What you have to do
Line by line, repeat the data below exactly, beginning at the first line and ending at the line with "Мы переосмыслили процесс". Omit pictures.

[Stored items]

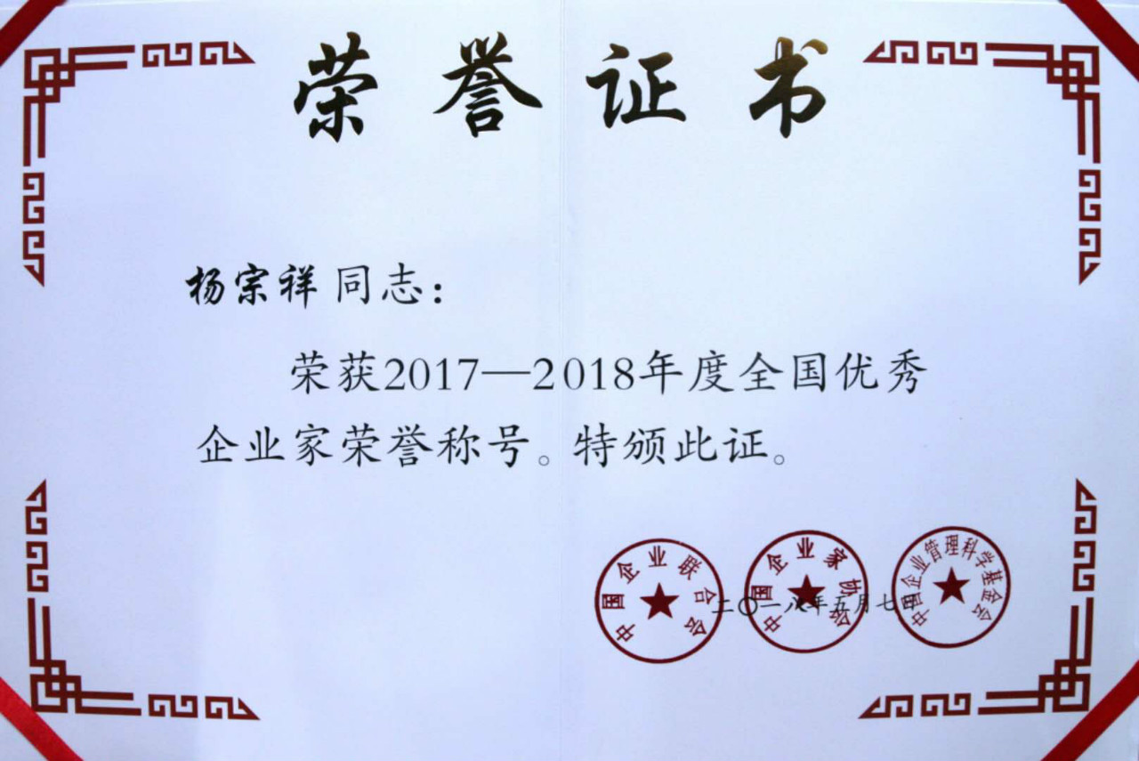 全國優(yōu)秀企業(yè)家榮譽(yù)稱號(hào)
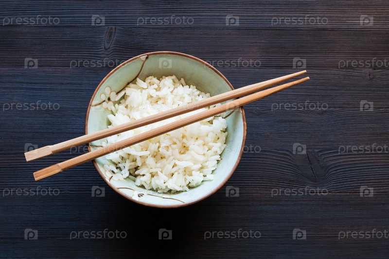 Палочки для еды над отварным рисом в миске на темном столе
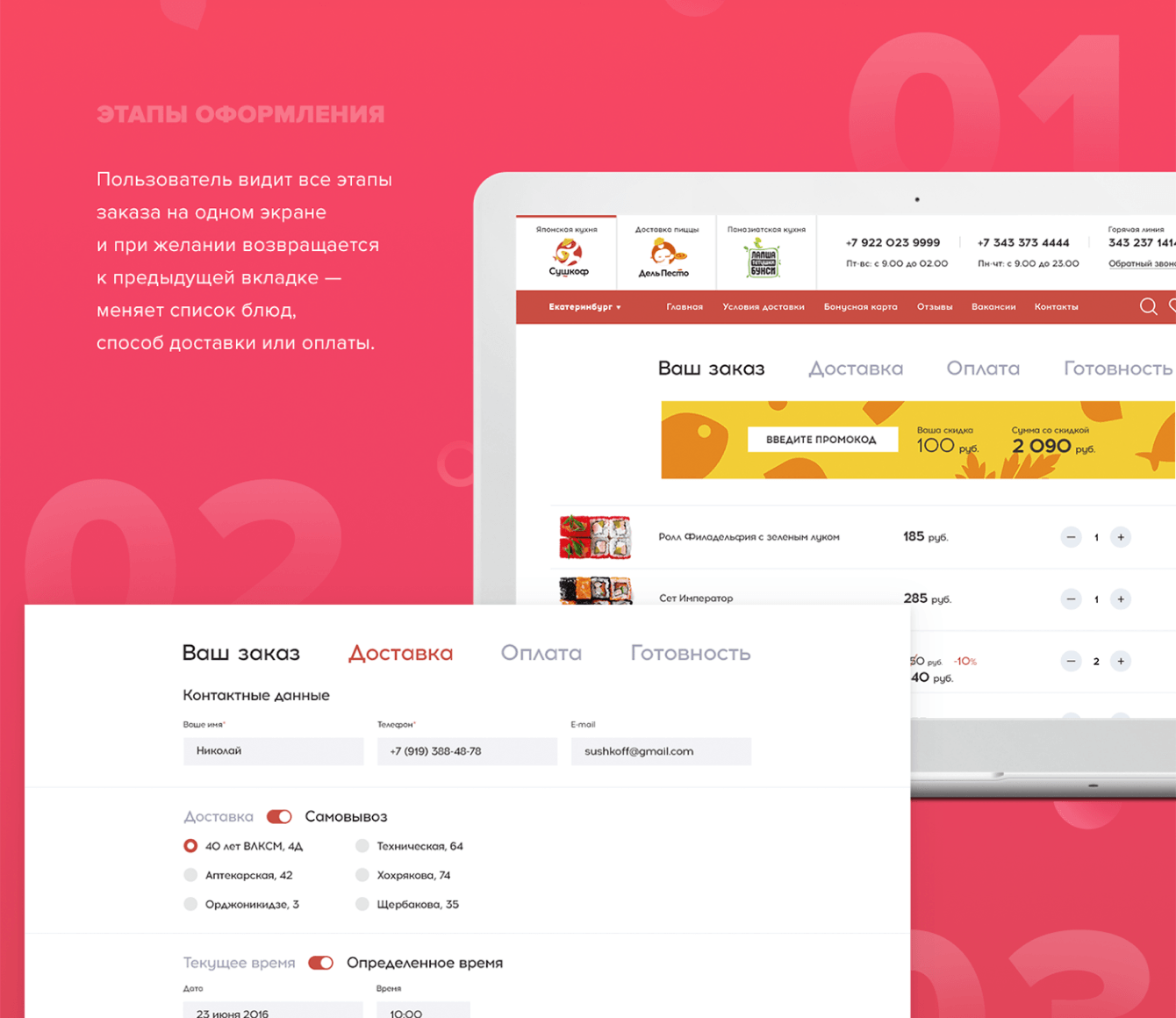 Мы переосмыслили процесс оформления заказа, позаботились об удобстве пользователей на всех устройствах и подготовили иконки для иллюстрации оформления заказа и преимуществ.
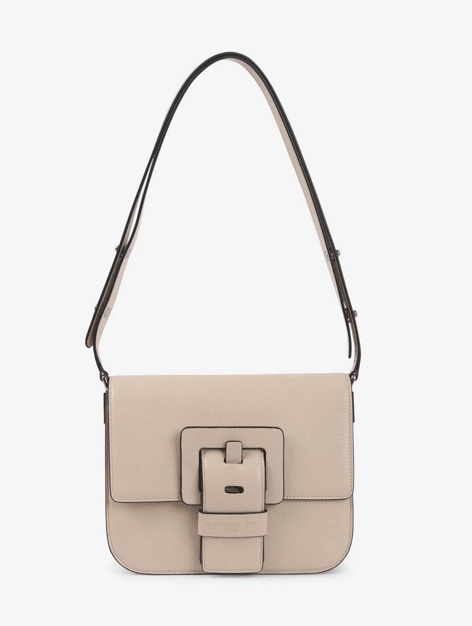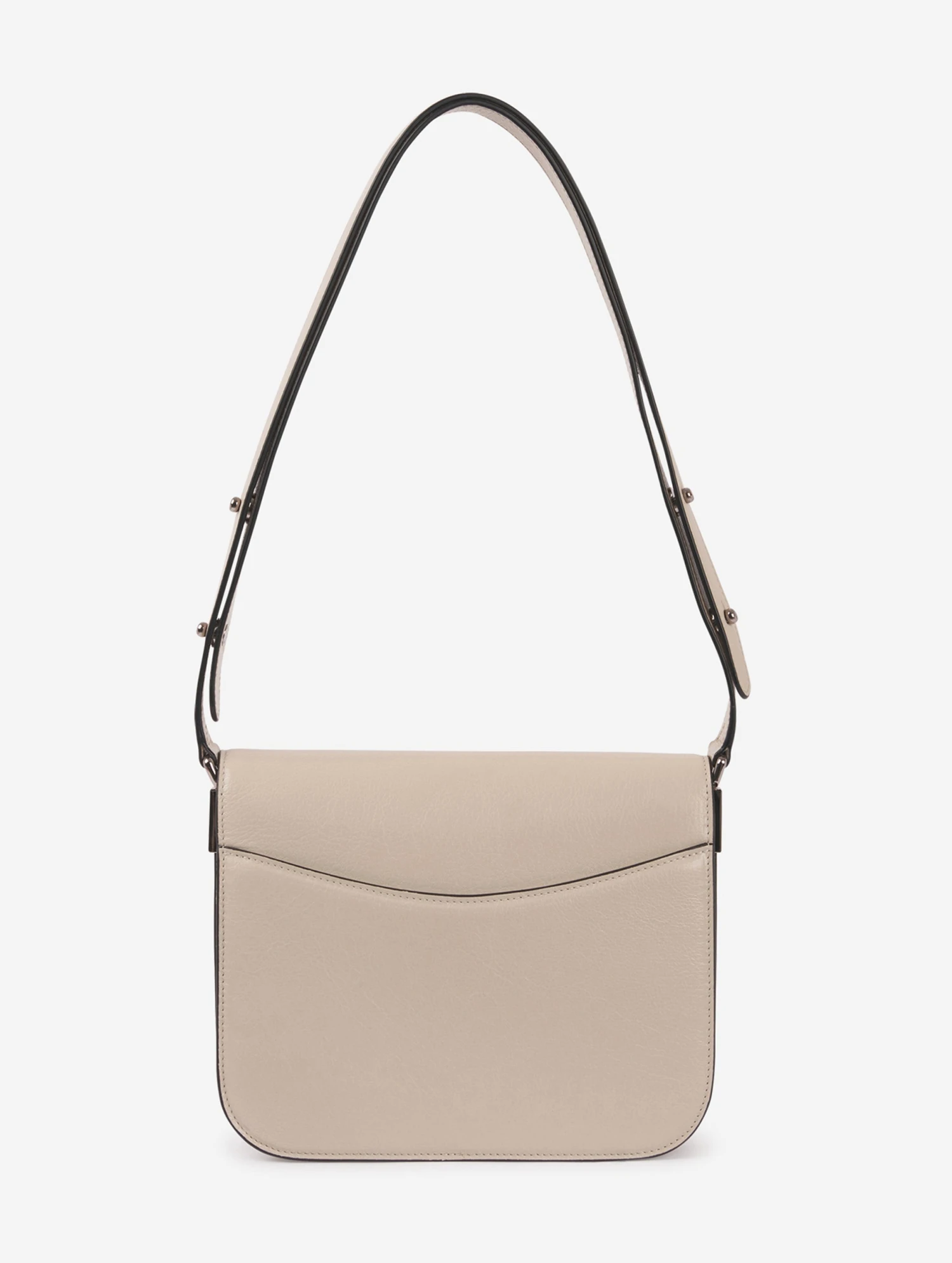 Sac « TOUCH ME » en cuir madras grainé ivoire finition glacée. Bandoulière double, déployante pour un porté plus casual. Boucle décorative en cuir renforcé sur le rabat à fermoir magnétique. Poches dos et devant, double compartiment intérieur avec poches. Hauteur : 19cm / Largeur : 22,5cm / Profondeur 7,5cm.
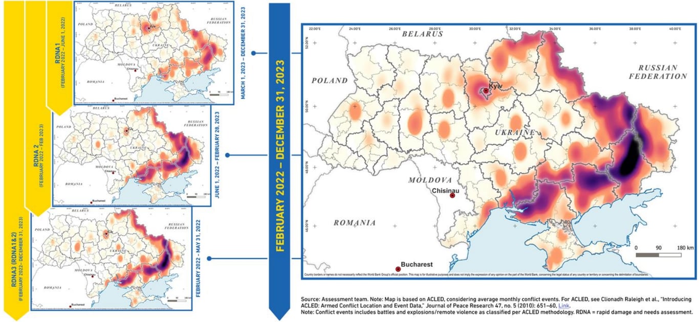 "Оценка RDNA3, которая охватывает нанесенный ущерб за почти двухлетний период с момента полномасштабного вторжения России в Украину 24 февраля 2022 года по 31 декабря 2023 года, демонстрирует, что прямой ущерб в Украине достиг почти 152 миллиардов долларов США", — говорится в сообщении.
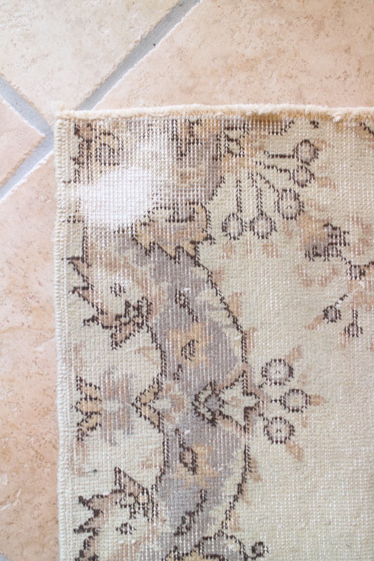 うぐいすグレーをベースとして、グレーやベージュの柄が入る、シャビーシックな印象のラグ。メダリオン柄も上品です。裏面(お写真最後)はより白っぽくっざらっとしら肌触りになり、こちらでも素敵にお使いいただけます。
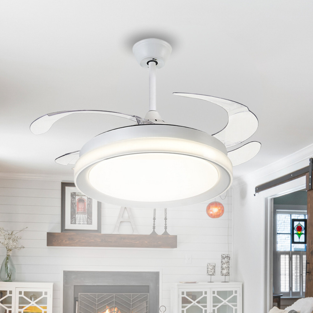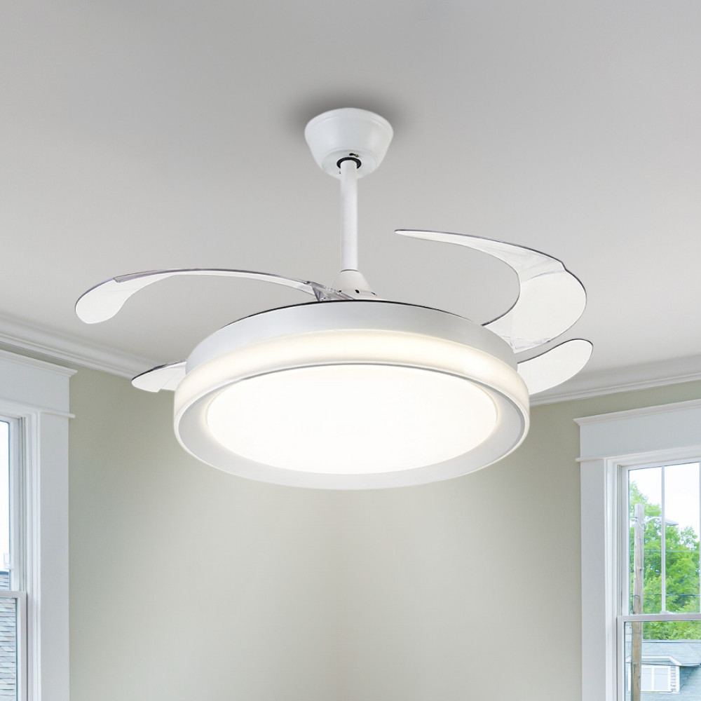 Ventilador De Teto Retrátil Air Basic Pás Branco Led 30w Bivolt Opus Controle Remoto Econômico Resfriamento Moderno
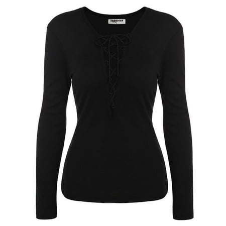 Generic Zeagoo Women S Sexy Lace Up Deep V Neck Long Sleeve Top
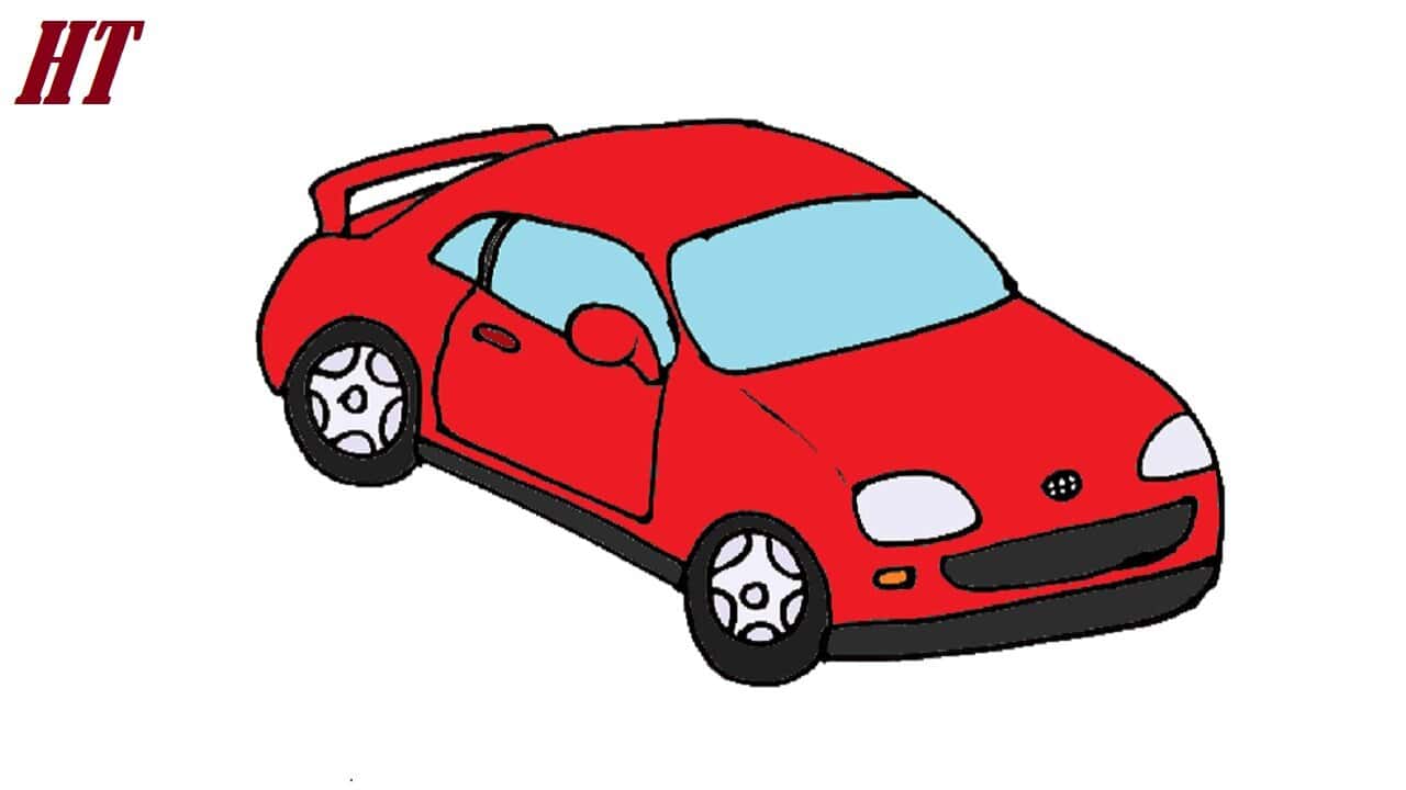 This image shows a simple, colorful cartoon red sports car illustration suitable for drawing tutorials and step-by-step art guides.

Output below
 全國優(yōu)秀企業(yè)家榮譽(yù)稱號(hào)
 Палочки для еды над отварным рисом в миске на темном столе
 Мы переосмыслили процесс оформления заказа, позаботились об удобстве пользователей на всех устройствах и подготовили иконки для иллюстрации оформления заказа и преимуществ.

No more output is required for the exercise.